Puri is deep-fried puffed bread, and its entire identity is in that puff. A small disc of dough hits hot oil and within seconds inflates into a hollow golden balloon, crisp on the outside, steam-soft within. Eaten across India, it is festive and everyday at once, the bread you make when a meal should feel like an occasion, and it shows up paired with savory sabzi or with sweet halwa depending on the table. It is served hot, because the puff and the contrast it creates do not survive long.
The make rewards technique over ingredients. A stiff wheat dough, firmer than roti dough, is kneaded and rested, then rolled into small even rounds, not too thin or they tear, not too thick or they stay dense. Each round is slipped into oil hot enough that it sizzles immediately, then gently pressed under the surface with a slotted spoon so steam trapped inside the dough has nowhere to go but out, ballooning the disc. It is flipped once, fried to a pale gold, and lifted out. Good execution is unmistakable: a full, even puff with a crisp shell and a hollow center, a clean surface with no oil-logging, and a color that stops at gold rather than browning. Sloppy work shows as a flat puri that never inflated because the dough was too soft, the oil too cool, or the rolling uneven; a greasy one that absorbed fat because the oil was below temperature; or a leathery one rolled too thick. A correctly fried puri feels light for its size.

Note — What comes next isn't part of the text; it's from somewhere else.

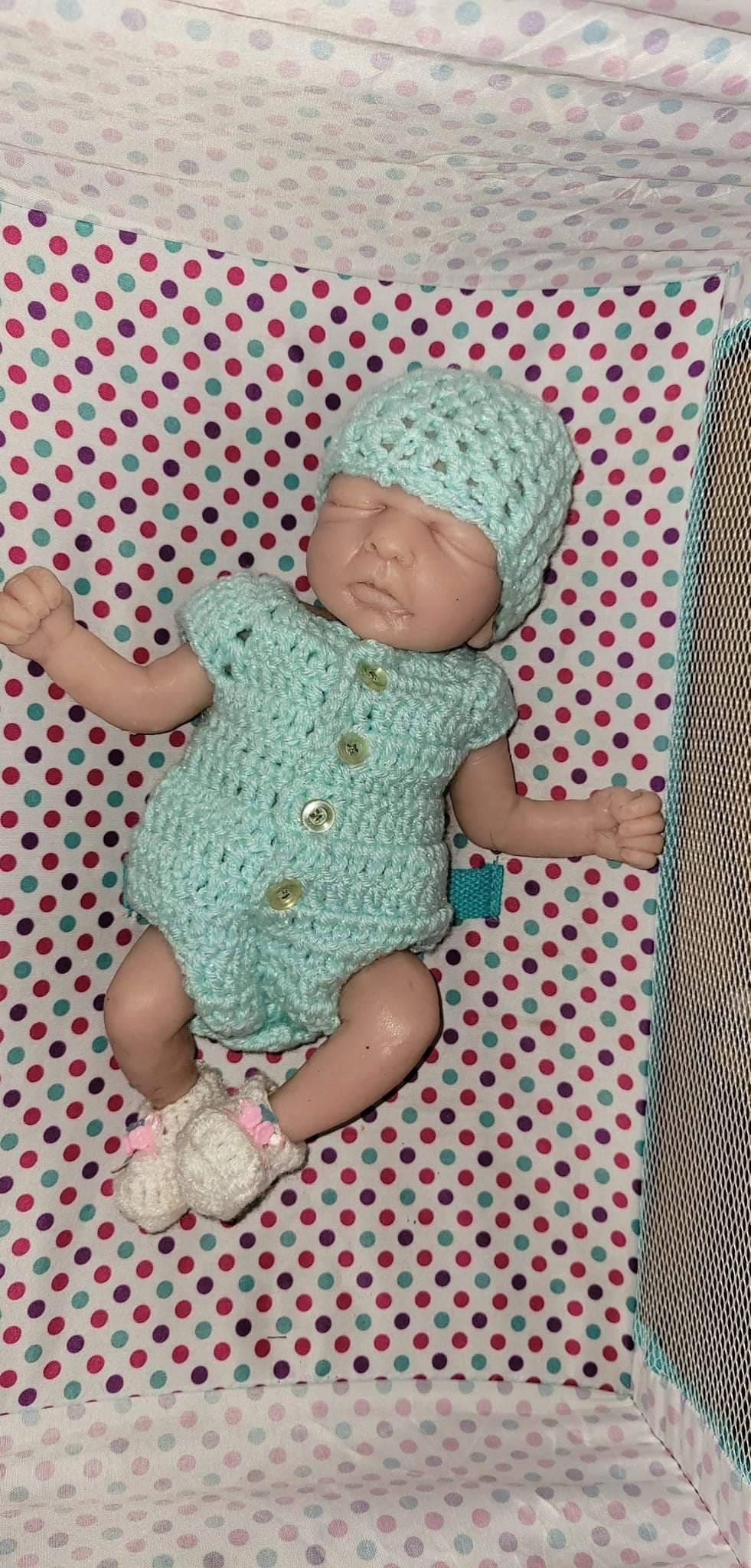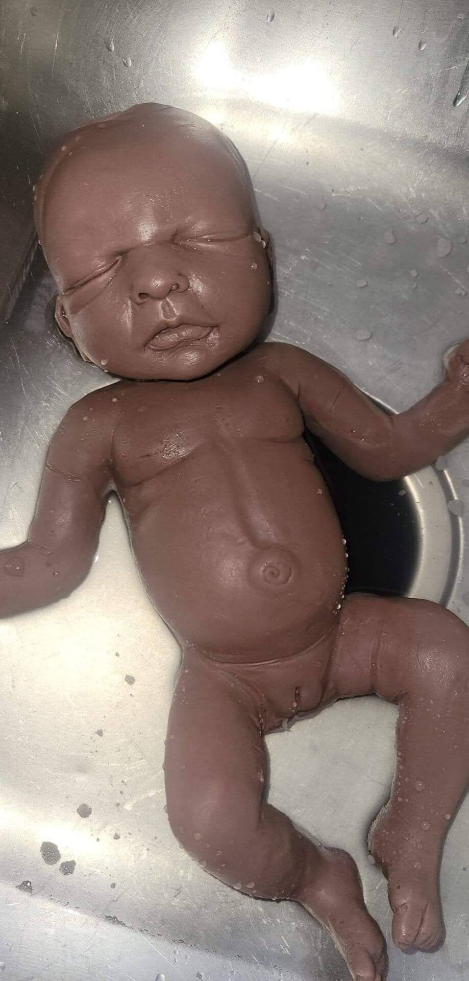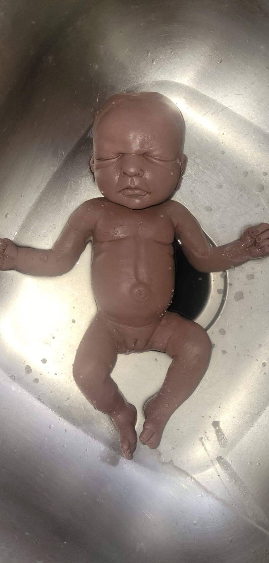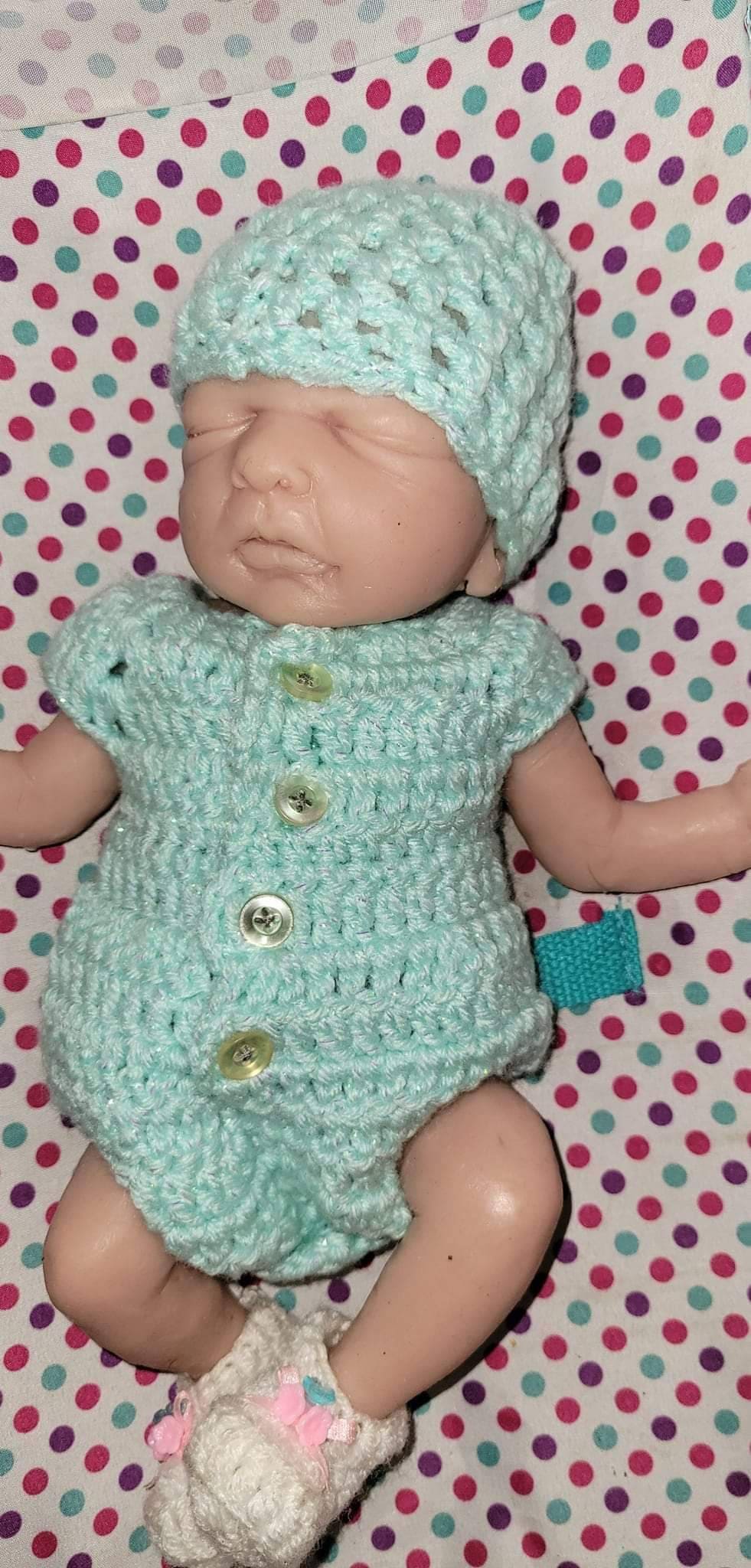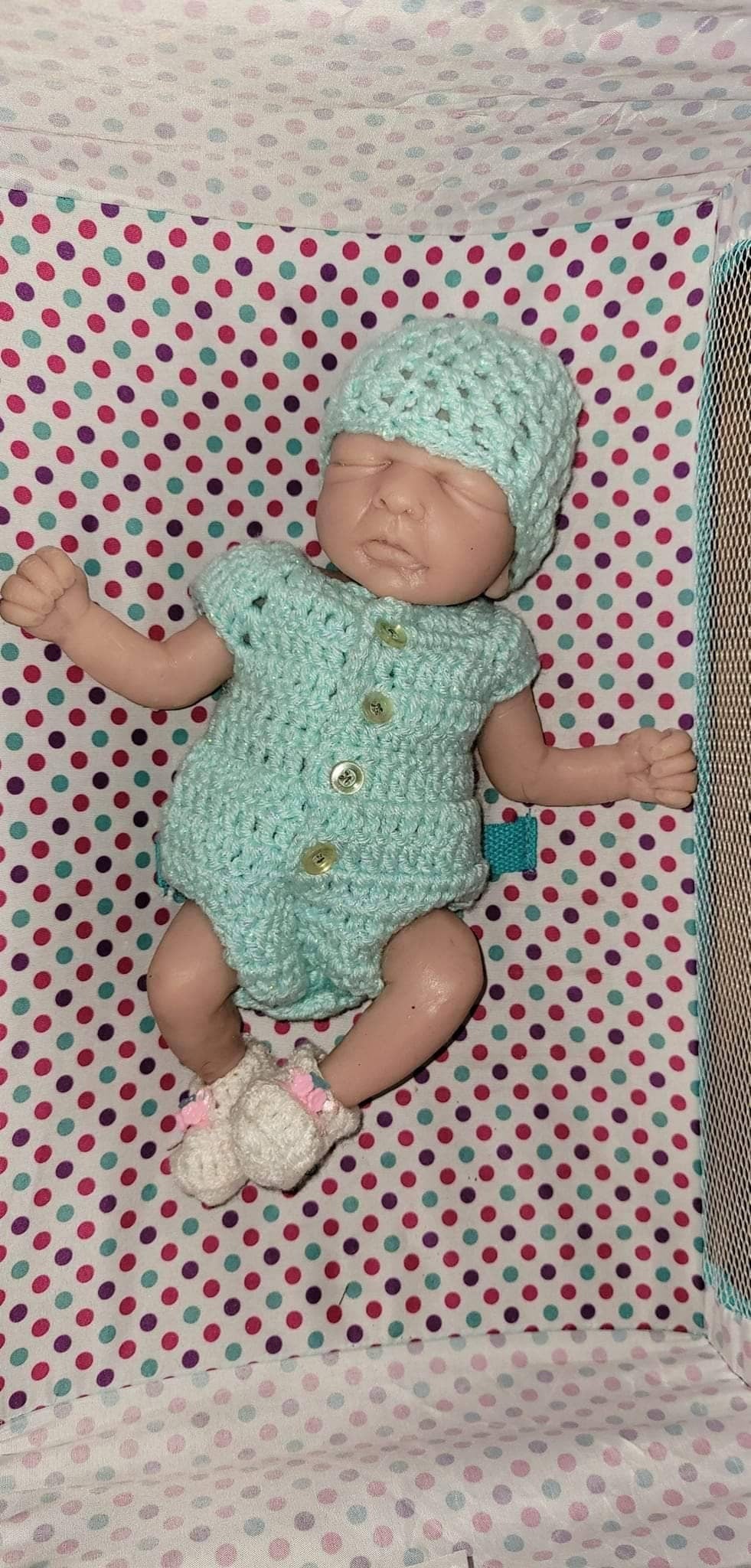 Or bottle. She is very detailed. Arns to the side. She is aprx 11" preemie. Each baby is poured custom to order selling as boo boo babies since they do have some imperfections random lumpy spots upon body nothing severe. No returns. She is not perfect and has some flaws.

What it is eaten with is what moves it around the country and the meal. With a spiced potato sabzi it is a savory breakfast or lunch; with semolina halwa it turns into a sweet festive plate; smaller, crisper versions are the shell for street snacks built around tamarind water and fillings. The dough sometimes shifts too, with semolina worked in for extra crispness or other flours for regional variants. Each of those pairings, the potato breakfast especially, is a dish with its own logic and deserves its own article rather than being crowded in here. On its own terms, puri is a study in a single trick done well: dough, hot oil, and a clean full puff.